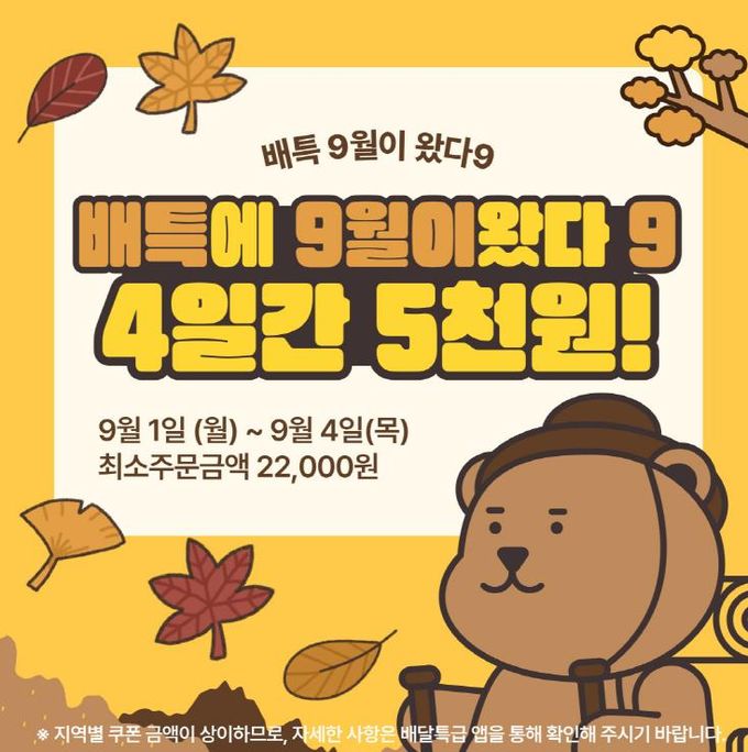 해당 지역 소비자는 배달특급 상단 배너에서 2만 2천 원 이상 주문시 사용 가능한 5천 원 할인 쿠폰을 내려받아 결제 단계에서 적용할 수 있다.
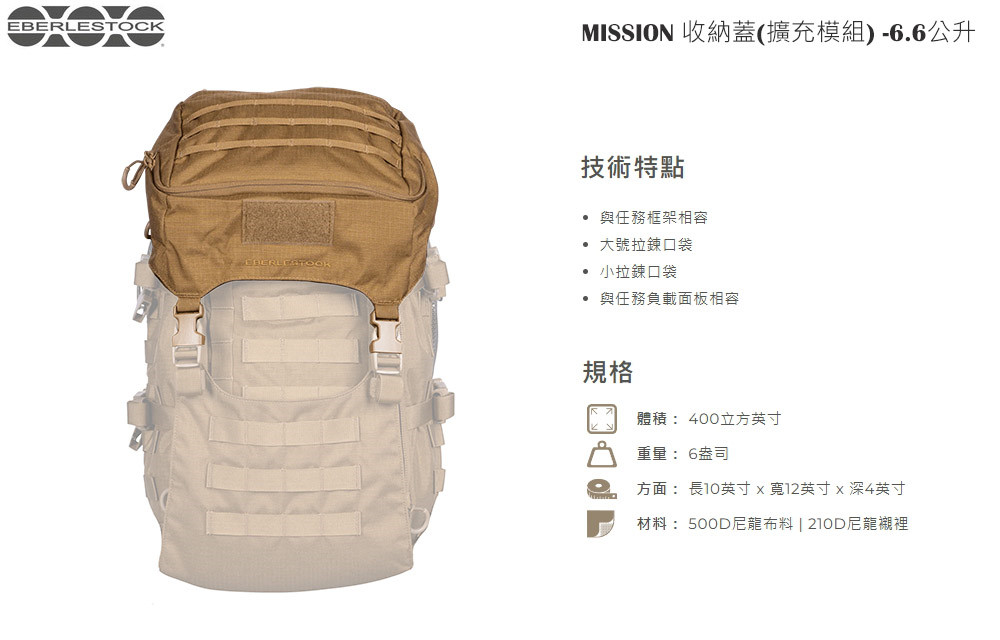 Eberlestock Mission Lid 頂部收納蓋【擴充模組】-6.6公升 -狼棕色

==

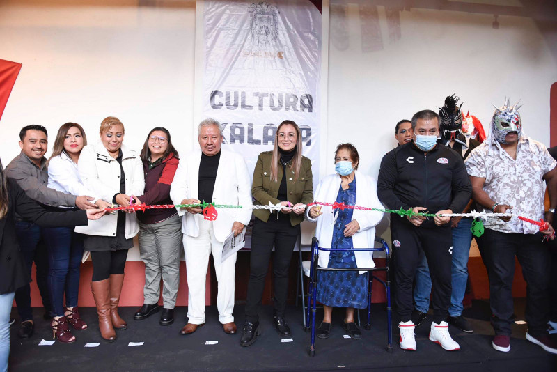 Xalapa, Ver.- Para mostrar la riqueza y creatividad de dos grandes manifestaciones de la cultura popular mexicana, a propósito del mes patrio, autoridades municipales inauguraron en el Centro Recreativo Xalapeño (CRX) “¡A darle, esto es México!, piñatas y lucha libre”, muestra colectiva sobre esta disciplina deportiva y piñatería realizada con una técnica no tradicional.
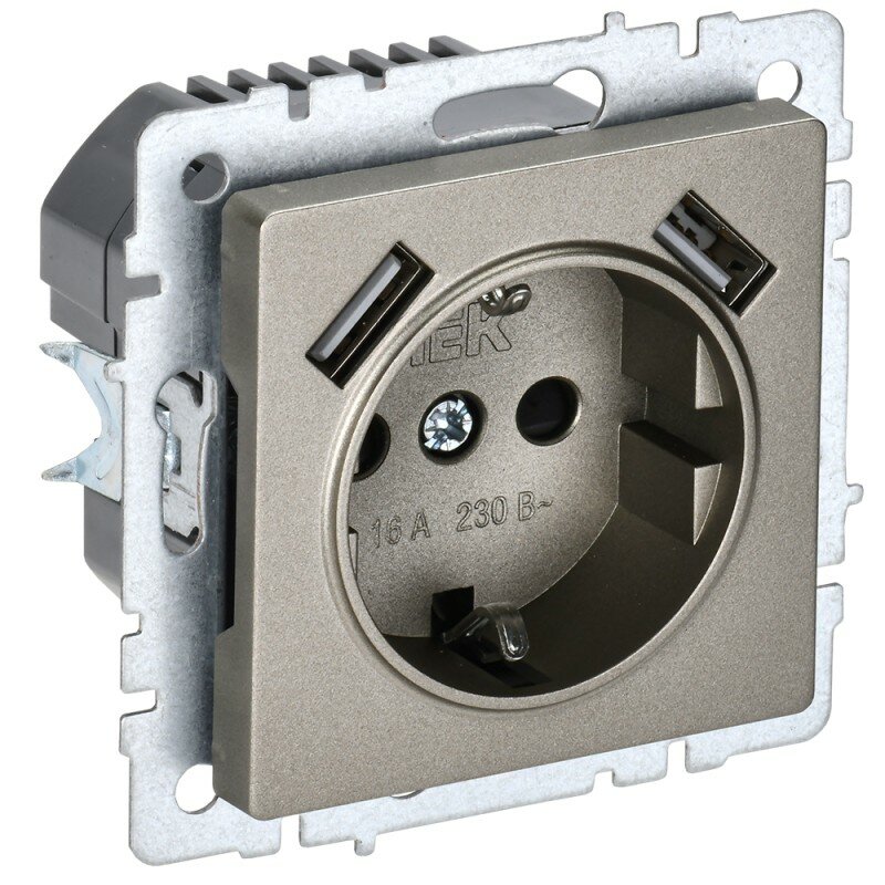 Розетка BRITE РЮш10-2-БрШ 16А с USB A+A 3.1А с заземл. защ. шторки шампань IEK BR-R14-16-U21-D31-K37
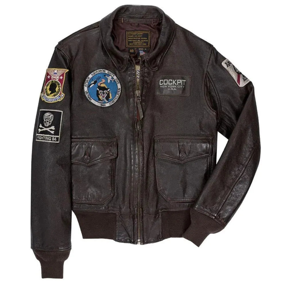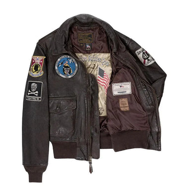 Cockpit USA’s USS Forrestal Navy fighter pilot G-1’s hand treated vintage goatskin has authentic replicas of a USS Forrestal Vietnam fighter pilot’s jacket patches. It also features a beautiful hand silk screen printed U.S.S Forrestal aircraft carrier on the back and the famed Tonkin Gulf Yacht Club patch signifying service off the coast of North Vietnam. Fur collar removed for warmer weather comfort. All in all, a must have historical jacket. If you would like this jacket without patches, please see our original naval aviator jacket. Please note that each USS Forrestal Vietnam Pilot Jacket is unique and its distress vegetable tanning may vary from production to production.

* * *

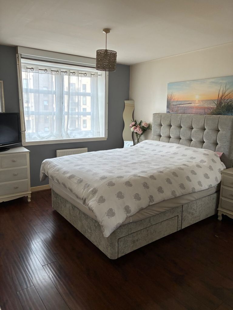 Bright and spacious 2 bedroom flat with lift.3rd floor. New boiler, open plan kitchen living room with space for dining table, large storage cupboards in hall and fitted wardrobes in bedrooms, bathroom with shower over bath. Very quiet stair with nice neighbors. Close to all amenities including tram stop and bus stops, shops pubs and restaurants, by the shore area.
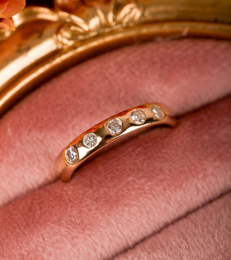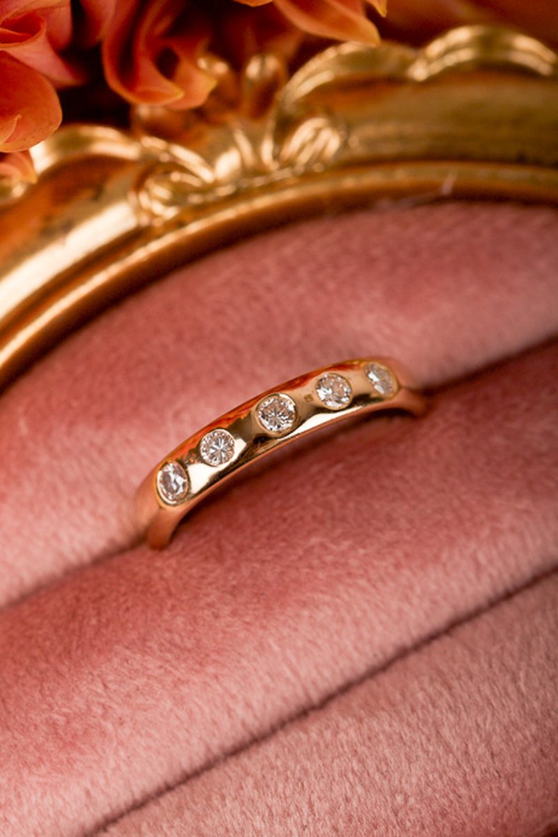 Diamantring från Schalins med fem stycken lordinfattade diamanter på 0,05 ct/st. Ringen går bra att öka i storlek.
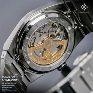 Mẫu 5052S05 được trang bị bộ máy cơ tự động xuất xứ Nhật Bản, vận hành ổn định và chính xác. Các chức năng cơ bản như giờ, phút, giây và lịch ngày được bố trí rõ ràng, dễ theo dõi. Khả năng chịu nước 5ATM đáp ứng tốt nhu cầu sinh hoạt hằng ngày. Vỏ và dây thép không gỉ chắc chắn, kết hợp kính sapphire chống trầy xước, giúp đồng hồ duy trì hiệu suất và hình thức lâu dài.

• [AIM OF THE EXERCISE] In the listing above, find the line containing "해당 지역 소비자는 배달특급" and the line containing "Eberlestock Mission Lid". Reproduce those lines and all between them exactly, with no pictures and nothing more.

• [RESPONSE TO THIS EXERCISE]
 해당 지역 소비자는 배달특급 상단 배너에서 2만 2천 원 이상 주문시 사용 가능한 5천 원 할인 쿠폰을 내려받아 결제 단계에서 적용할 수 있다.
 Eberlestock Mission Lid 頂部收納蓋【擴充模組】-6.6公升 -狼棕色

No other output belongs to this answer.